Swizzling mode Leading Dimension / Major-ness Swizzle atom layout (128b element)
128B Swizzling Mode M/N 8x8
128B Swizzling Mode K 8x8
64B Swizzling Mode M/N 4x8
64B Swizzling Mode K 8x4
32B Swizzling Mode M/N 2x8
32B Swizzling Mode K 8x2
None M/N 1x8
None K 8x1

The above shapes are for elements of size 128 bits. For smaller elements sizes, the same shapes would get multiplied along the leading dimension by a factor of 128/sizeof_bits(Element). For example, 128B MN major swizzle atom would have a shape of (8*(128/32))x8 = 32x8 for tf32 tensor core inputs.

Examples

The following are some example layouts of MxK or KxN matrices with various swizzling modes, and are in units of 128b elements as shown by each colored cell as shown in Figure 156, Figure 157, Figure 158, Figure 159, Figure 160, Figure 161, Figure 162, Figure 163.

!MN major 128B swizzling

Figure 156 MN major 128B swizzling

!K major 128B swizzling

Figure 157 K major 128B swizzling

!MN major 64B swizzling

Figure 158 MN major 64B swizzling

!K major 64B swizzling

Figure 159 K major 64B swizzling

!MN major 32B swizzling

Figure 160 MN major 32B swizzling

!K major 32B swizzling

Figure 161 K major 32B swizzling

!MN major interleaved

Figure 162 MN major interleaved

!K major interleaved

Figure 163 K major interleaved

Following are some of the examples of the 128B swizzling layout for tf32 element type.

K-Major: Figure 164

!K major

Figure 164 K major

MN-Major: Figure 165

!MN major

Figure 165 MN major

9.7.15.5.1.2.1. Major-ness supported by Strides

There are two strides involved while accessing a matrix from shared memory:

  • Leading dimension byte offset
  • Stride dimension byte offset

9.7.15.5.1.2.1.1. Leading Dimension Byte Offset

The leading dimension byte offset is defined differently for transposed and non-transposed matrices.
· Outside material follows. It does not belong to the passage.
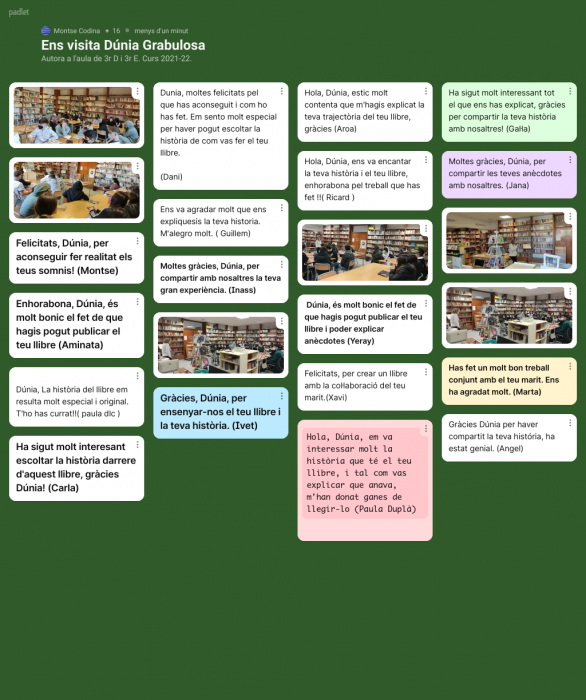 Dúnia Grabulosa visita les classes de 3r d’ESO Dijous passat Dúnia Grabulosa va començar la ronda de visites a les aules de 3r, que tindran continuïtat el tercer trimestre. De moment, la impressió que els va causar va ser molt favorable. Us ho mostrem amb un pòster que recull frases seves.
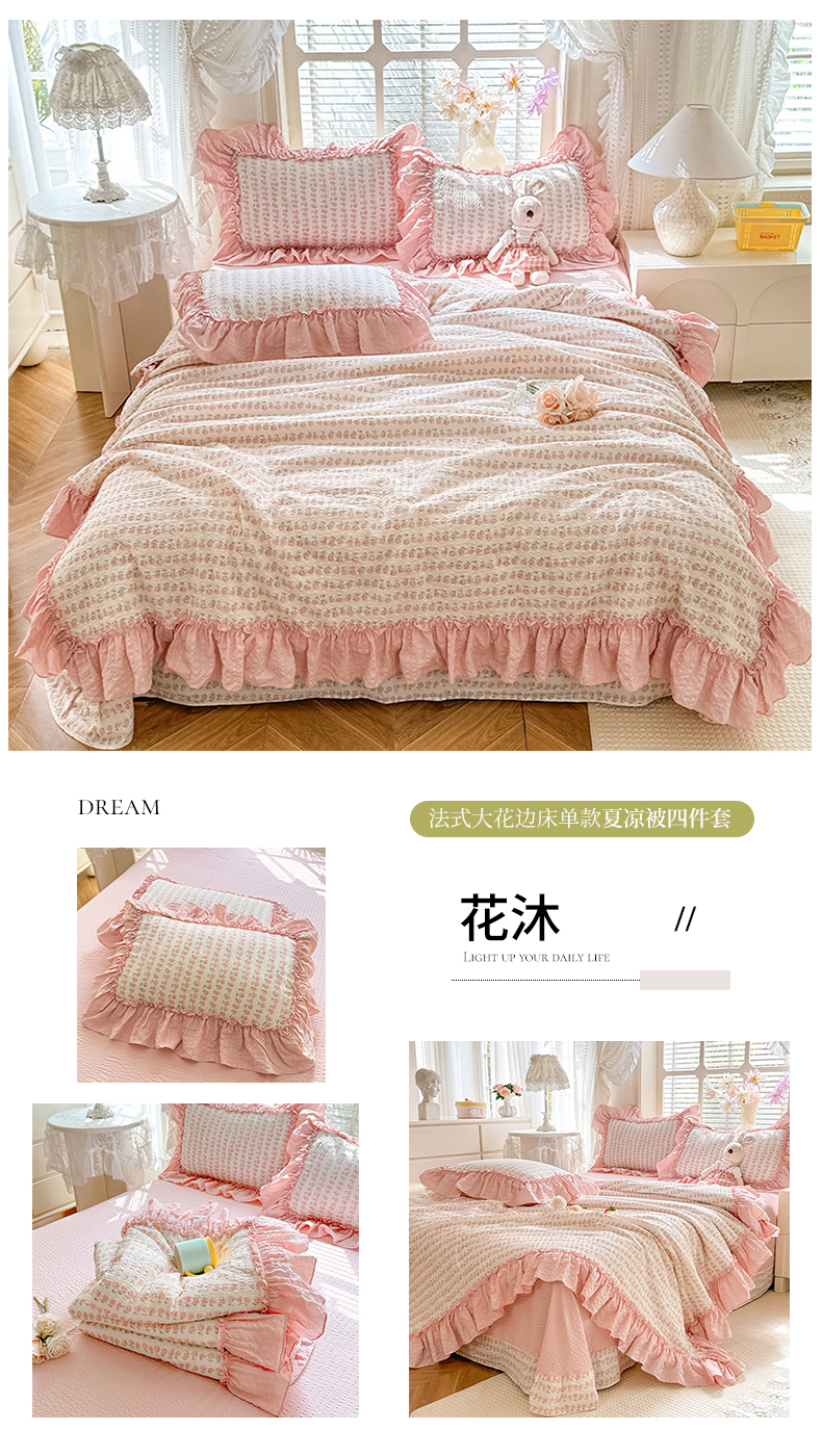 (总)韩约家纺 2026新款法式大花边床盖款泡芙棉夏凉被空调被四件套,倚梦,宝贝甜心,春旭,蝶语,繁花,花沐,绿意,木槿,妮可,仟香,星语,熊宝

The leading byte offset is defined as follows for matrices whose element types are normalized to 128-bits:

Major-ness Definition
K-Major No-Swizzling: the offset from the first column to the second columns of the 8x2 tile in the 128-bit element type normalized matrix.<br>Swizzled layouts: not used, assumed to be 1.
MN-Major Interleave: offset from the first 8 columns to the next 8 columns.<br>Swizzled layouts: offset from the first (swizzle-byte-size/16) rows to the next (swizzle-byte-size/16) rows.
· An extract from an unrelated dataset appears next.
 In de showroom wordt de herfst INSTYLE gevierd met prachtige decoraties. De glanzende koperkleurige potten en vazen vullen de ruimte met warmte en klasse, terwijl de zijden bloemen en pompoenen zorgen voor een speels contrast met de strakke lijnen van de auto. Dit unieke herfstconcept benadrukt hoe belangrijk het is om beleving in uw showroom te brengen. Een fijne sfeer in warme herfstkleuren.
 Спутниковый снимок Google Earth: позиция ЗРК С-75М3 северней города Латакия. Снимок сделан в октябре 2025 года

9.7.15.5.1.2.1.2. Stride Dimension Byte Offset

The stride dimension byte offset is defined differently for transposed and non-transposed matrices. The stride dimension byte offset is defined as follows for matrices whose element types are normalized to 128-bits:

Major-ness Definition
K-Major The offset from the first 8 rows to the next 8 rows.
MN-Major Interleave: offset from the first row to the next row.<br>Swizzled layout: offset from the first 8 columns to the next 8 columns

9.7.15.5.1.2.1.3. Canonical Layouts

In terms of CuTe layouts the canonical layout can be expressed as follows:

Major-ness Swizzling mode Canonical Layout without swizzling Swizzling on the previous column
MN-major No-swizzling or Interleaved ((T,1,m),(8,k)):((1,T,SBO),(1T,LBO)) Swizzle<0, 4, 3>
MN-major 32B Swizzling ((T,2,m),(8,k)):((1,T,LBO),(2T,SBO)) Swizzle<1, 4, 3>
MN-major 64B Swizzling ((T,4,m),(8,k)):((1,T,LBO),(4T,SBO)) Swizzle<2, 4, 3>
MN-major 128B Swizzling ((T,8,m),(8,k)):((1,T,LBO),(8T,SBO)) Swizzle<3, 4, 3>
K-major No-swizzling or Interleaved ((8,m),(T,2k)):((1T,SBO),(1,LBO)) Swizzle<0, 4, 3>
K-major 32B Swizzling ((8,m),(T,2k)):((2T,SBO),(1,T)) Swizzle<1, 4, 3>
K-major 64B Swizzling ((8,m),(T,2k)):((4T,SBO),(1,T)) Swizzle<2, 4, 3>
K-major 128B Swizzling ((8,m),(T,2k)):((8T,SBO),(1,T)) Swizzle<3, 4, 3>

where

  • T = 128 / sizeof-elements-in-bits — T represents scale factor which normalizes matrix element types to 128-bits.
  • m represents the number of repeating patterns across rows.
  • k represents the number of repeating patterns across columns.

Examples

K-Major, no-swizzling and tf32 type: Figure 166

!K major, no-swizzling and tf32 type

Figure 166 K major, no-swizzling and tf32 type

the strides and related details are as follows:

Exact layout : Swizzle<0,4,3> o ((8,2),(4,4)):((4,32),(1,64))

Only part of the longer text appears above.